[paper-review] Reactive Base Control for On-The-Move Mobile Manipulation in Dynamic Environments

RA-L. [Paper] [Project Page]

Ben Burgess-Limerick^{1, 2}, Jesse Haviland^{1, 2}, Chris Lehnert¹, Peter Corke^{1 1}Queensland University of Technology Centre for Robotics (QCR), Brisbane, Australia ² CSIRO Data61, Brisbane, Australia

Mar. 03

Fig. 1: Overview of Reactive Base Control.

Summary

• This paper presents a reactive-based control method for mobile manipulation in dynamic environments, which significantly reduces the task time and improves the performance of the robot while avoiding static and dynamic obstacles.
• This approach contrasts with traditional methods where the base and manipulator are controlled separately, often resulting in increased task time due to the sequential completion of navigation and manipulation tasks​.

Fig. 2: Inclusion of orientation cost in STAA*.

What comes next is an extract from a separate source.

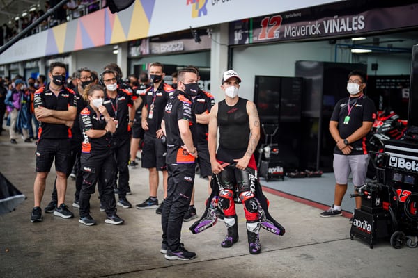 Maverick Viñales (moto n. 12): "Anche se il risultato non è certo quello che vogliamo, è stato un weekend positivo. Oggi è stato forse il giorno più importante nel percorso di crescita da quando sono in Aprilia, perché abbiamo trovato un setting davvero buono col quale sono andato forte nel warm up e col quale mi sono trovato bene anche in condizioni di bagnato.

Fig. 3: Bezier path evaluation with PathRTR.

Contribution

• The paper introduces a reactive base control system for mobile manipulation in dynamic environments, enabling tasks to be performed on-the-move and significantly reducing total task time. This work marks the first real-world demonstration of reactive manipulation with both static and dynamic obstacles, showcasing the method’s practical applicability and robustness. ​
  • 1) They used STAA* algorithm that plangs a collision-free global path by searching through a visibility graph, and then compuites the intersection of the global path and the borader of a local planning region to develop an intermediate goal. The most important addtion to STAA* is the inclusion of an orientation to the goal state. They consider orientation which enables poses to be achieved that smoothly connects the immediate target with the next goal.
  • 2) In A* graph search module, they employed PathRTR heuristic. And they combines it with an additional heuristic based on a Bezier curve. It encourages the exploration of states that can be connected to the goal through smooth curves. They said that a value of 25% results in curves that work well in experimental setup.
  • 3) Base Placement was optimized by simple cost functions by the weighted sum of two components:
    • \[C_i = C_{i,C} + 1.05 \cdot C_{i,N}\]
      • \(C_{i,C}\) is the estimated cost from robot to candidate.
      • \(C_{i,N}\) is the estimated cost from the candidate to the next target.
    • The path cost for each candidate is evaluated using the PathRTR metric.
  • 4) Arm Obstacle Avoidance: They leveraged Quadratic Program to calculate joint veloicited for a given desired end-effector and base velocity. The controller allows for slack in the achieved end-effector velocity.

Thought

• I was already aware of a previous paper by this author, Manipulation On-The-Move, and it seems to be a follow-up to both this paper and an algorithm called STAA*.
• I think the contribution of this paper is to add a couple of heuristics to the existing algorithm, and I would have to start with the previous paper; the baseline controller implemented in this paper is all based on the previous paper as a reference.
  • STAA* / MotM / PathRTR
• After reading the paper and watching the demo video, I was quite impressed with the holistic approach to motion planning for mobile-manipulator systems; so accurate and high performance.